When would ARM disclosures be required?
- If the initial term on an ARM is more than one year
- If the initial term on an ARM is less than five years
- For all ARMs
- If the initial term on an ARM is less than one year
The answer is for all ARMs. For an ARM, the interest rate will change periodically, based on an index to which the rate is tied and the margin added to cover the creditor’s expenses and profit. Therefore, the borrower must be given information about the index, the margin, and the frequency of rate adjustments, in addition to other pertinent facts about the loan. For an ARM secured by a borrower’s principal residence with a term exceeding one year, additional disclosures must be provided either at the time an application form is provided or before the consumer pays a nonrefundable fee, whichever is earlier.
Mortgage insurance insures against losses incurred as a result of:
- A borrower’s late payment
- Fire
- Foreclosure
- Natural disaster
The answer is foreclosure. Private mortgage insurance (PMI) is an insurance policy issued to provide protection to the mortgage lender in the event of financial loss due to a borrower’s default that results in foreclosure. In the event of a foreclosure, the insurance company will either purchase the loan or let the lender foreclose and pay the lender for its losses up to the face amount of the policy.
Which behavior involves conspiratorial involvement of individuals using the mortgage market to benefit financially from criminal behavior?
- Flipping
- Fraud for profit
- Money laundering
- Identity theft
The answer is fraud for profit. Fraud for profit may involve a number of persons, such as sellers, mortgage loan originators (including mortgage brokers and lenders and their individual mortgage loan originators), real estate brokers, appraisers, builders, and developers, who conspire to inflate property values and therefore loan amounts.
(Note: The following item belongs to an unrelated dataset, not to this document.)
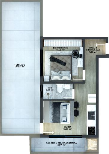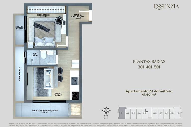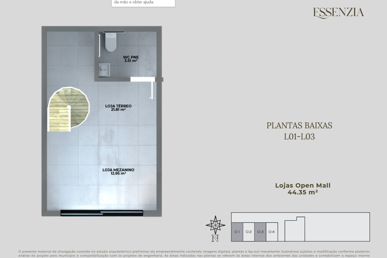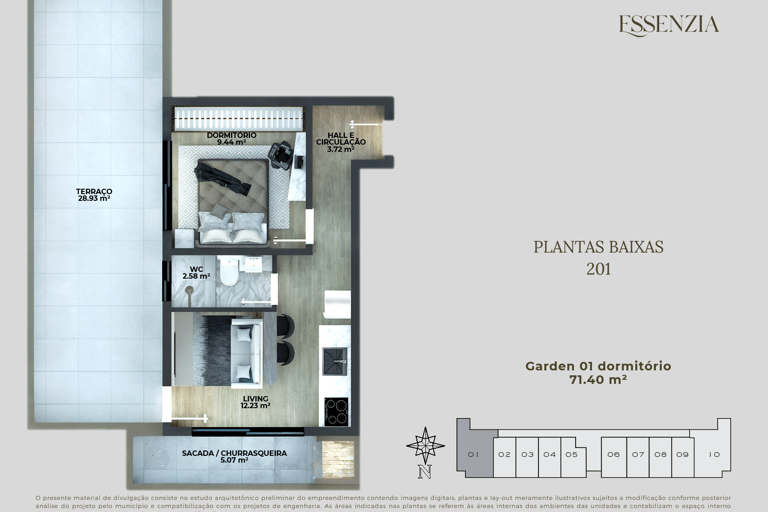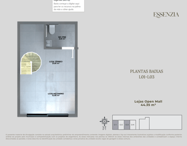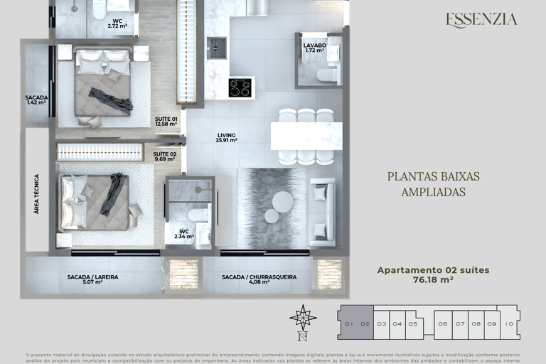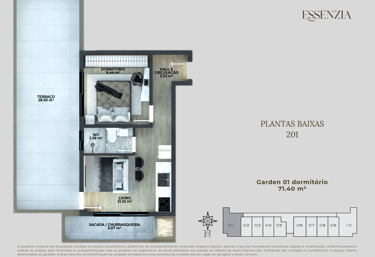 O presente material de divulgação consiste no estudo arquitetônico preliminar do empreendimento contendo imagens digitais, plantas e lay-out meramente ilustrativos sujeitos a modificação conforme posterior análise do projeto pelo município e compatibilização com os projetos de engenharia. As áreas indicadas nas plantas se referem às áreas internas dos ambientes das unidades e contabilizam o espaço interno descontadas as paredes. A área descrita na identificação da unidade contabiliza a área privativa da unidade exceto vagas de garagem e áreas comuns.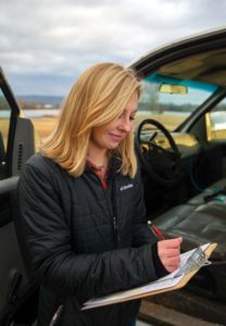 Brittany Hansey is surveying:

All of the following types of income are not taxed and therefore can be “grossed-up,” except:
- Social Security
- Public assistance
- Freelance income
- Disability
The answer is freelance income. Freelance income is not “nontaxed income” and therefore is not grossed-up. Social Security may be taxed for some, but not all recipients; for recipients who are not taxed on their SSI, the income can be grossed up.
By adding together the margin and index, the result is known as the:
- True index
- Rate ceiling
- Start rate
- Fully indexed rate
The answer is fully indexed rate. On an ARM loan, by adding together the margin and index, the result is called the fully indexed rate, which indicates the adjusted rate.
On an ARM loan, which of the following will not be found on the note?
- Fully-indexed rate after one year
- Margin
- Adjustment parameters
- Identification of index
The answer is fully-indexed rate after one year. The promissory note is both a promise to repay the money borrowed with interest and evidence of the debt. For an ARM loan, it will typically identify the index, specify the margin, and list adjustment parameters, but will not specify the fully-indexed rate after one year.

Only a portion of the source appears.